[About this exercise]:
Starting at the line that contains "Profitez de nos", transcribe each line through the end of the material below, exactly and nothing else, leaving out the pictures.

[Given data]:
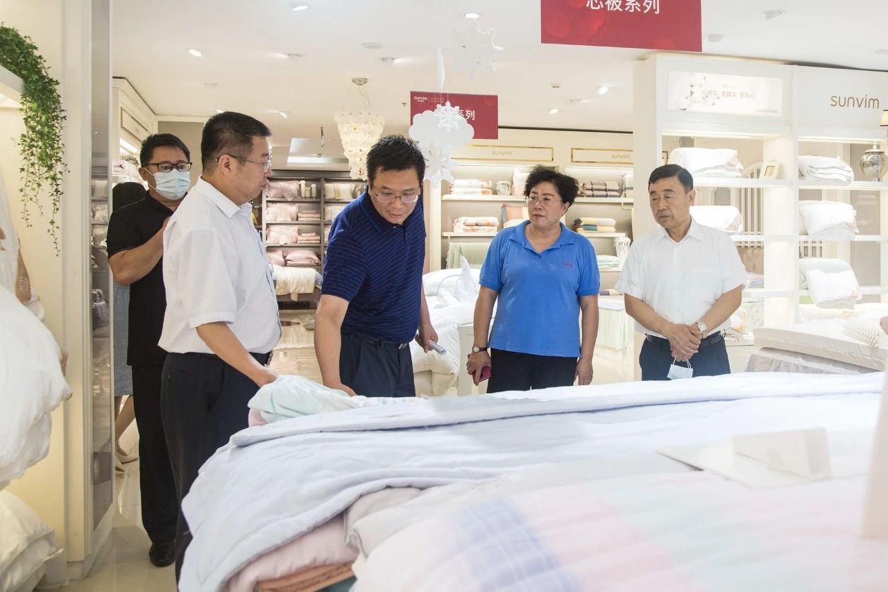 在参观家纺产品时,陈达一行现场感受了孚日集团出口亚洲、欧洲、美洲、澳洲等国际市场,以及以孚日、洁玉、赛维丝等自有品牌开拓国内市场的系列产品。
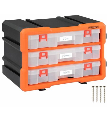 Profitez de nos boîtes pour ranger vos petites bricoles ! Grâce au système à rainure et languette , les boîtes de rangement pour petites pièces de monzana® sont combinables et extensibles entre eux. Toutes les boîtes sont munies de parois de séparation amovibles afin que vous puissiez personnaliser la taille des compartiments . Les tiroirs robustes disposent d'une butée sur les extrémités empêchant de glisser en dehors lorsqu'ils sont tirés trop fort. À l'arrière de la caisse de rangement se trouvent 4 trous de fixation permettant une installation murale. De plus, 4 vis par boîtes sont incluses dans la livraison. Fini les vis et petits objets volants ! Découvrez nos boîtes d'assortiment monzana® ! Parfait pour ranger les vis, les outils et les petits objets de toutes sortes. Compact, robuste et design moderne ! Modèles selon le nombre de compartiments : Set complet : 72 compartiments 36 compartiments Système de boîtes : 24 compartiments 8 grands compartiments 4 très grands ...
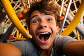 man selfie ferris wheel cabin fun excitement happiness joy thrill ride amusement park carnival travel vacation holiday leisure lifestyle portrait photo photography social media smartphone camera smile laughing energy enthusiasm youth freedom positivity adventure funfair fairground joyride excitement ride thrill ride amusement ride tourism attraction holiday destinationImagine Buddy

[Answer box]:
 Profitez de nos boîtes pour ranger vos petites bricoles ! Grâce au système à rainure et languette , les boîtes de rangement pour petites pièces de monzana® sont combinables et extensibles entre eux. Toutes les boîtes sont munies de parois de séparation amovibles afin que vous puissiez personnaliser la taille des compartiments . Les tiroirs robustes disposent d'une butée sur les extrémités empêchant de glisser en dehors lorsqu'ils sont tirés trop fort. À l'arrière de la caisse de rangement se trouvent 4 trous de fixation permettant une installation murale. De plus, 4 vis par boîtes sont incluses dans la livraison. Fini les vis et petits objets volants ! Découvrez nos boîtes d'assortiment monzana® ! Parfait pour ranger les vis, les outils et les petits objets de toutes sortes. Compact, robuste et design moderne ! Modèles selon le nombre de compartiments : Set complet : 72 compartiments 36 compartiments Système de boîtes : 24 compartiments 8 grands compartiments 4 très grands ...
 man selfie ferris wheel cabin fun excitement happiness joy thrill ride amusement park carnival travel vacation holiday leisure lifestyle portrait photo photography social media smartphone camera smile laughing energy enthusiasm youth freedom positivity adventure funfair fairground joyride excitement ride thrill ride amusement ride tourism attraction holiday destinationImagine Buddy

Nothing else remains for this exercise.